For over 40 years the public has used the forest intensively for recreation. It continues to protect the watershed and produce clean water and wildlife habitat. And while it was not logged for several years after its establishment, it has provided several million dollars in timber revenue to the city treasury.

The forest remains healthy and the trees continue to grow even while the Green City Council debates the issue of whether to cut or not to cut some 44 years after the original debate was decided in favor of the trees by a bunch of "timber beasts."

When the city celebrated the 40th anniversary of the dedication of the Community Forest in 1995, it was suggested that they honor Jim Timmons and Ed Pierson, both very much alive and proud of their roles in establishing the first community forest in California.

The city apparently chose not to do so and their names were not mentioned. It's a pity because these and many more like them were the real environmentalists, the true supporters of multiple-use of our resources. They were and are the professionals in the vast field of self-acclaimed experts we now find everywhere.

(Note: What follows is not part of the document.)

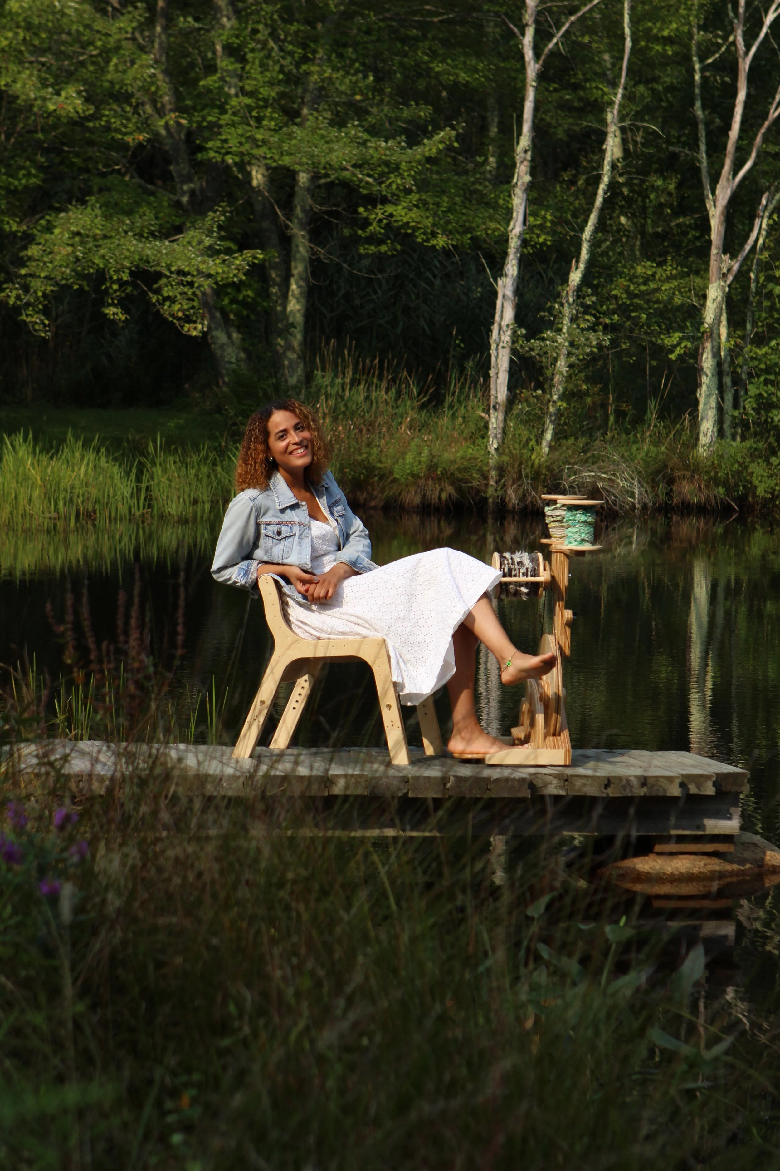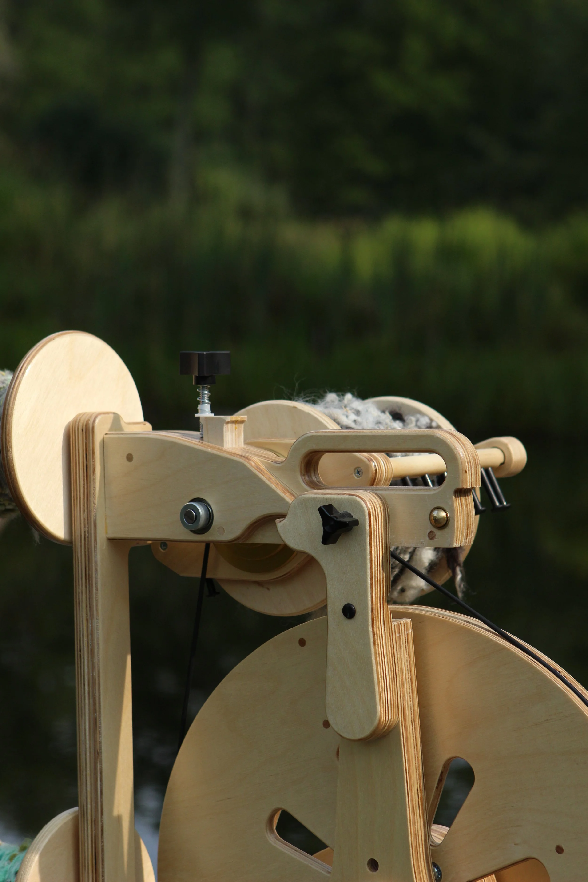 Crafted from durable Baltic birch, the Bullfrog handles a variety of fibers and includes a 16-ounce flyer that can also use 8-ounce bobbins for added versatility. Its deeper, powerful treadle motion is especially loved by art yarn spinners, making it a reliable choice at home or on the road.

Brousse, Jim, Ed, Al and others in the '50s earned recognition for their environmental awareness long before the birth of most of our current crusaders for the environment. They may never get the credit they deserve, but they certainly should be remembered every time the Greens even think of the Community Forest.

Jerry Partain is a retired professor of forestry from Humboldt State University and former director of the California Department of Forestry.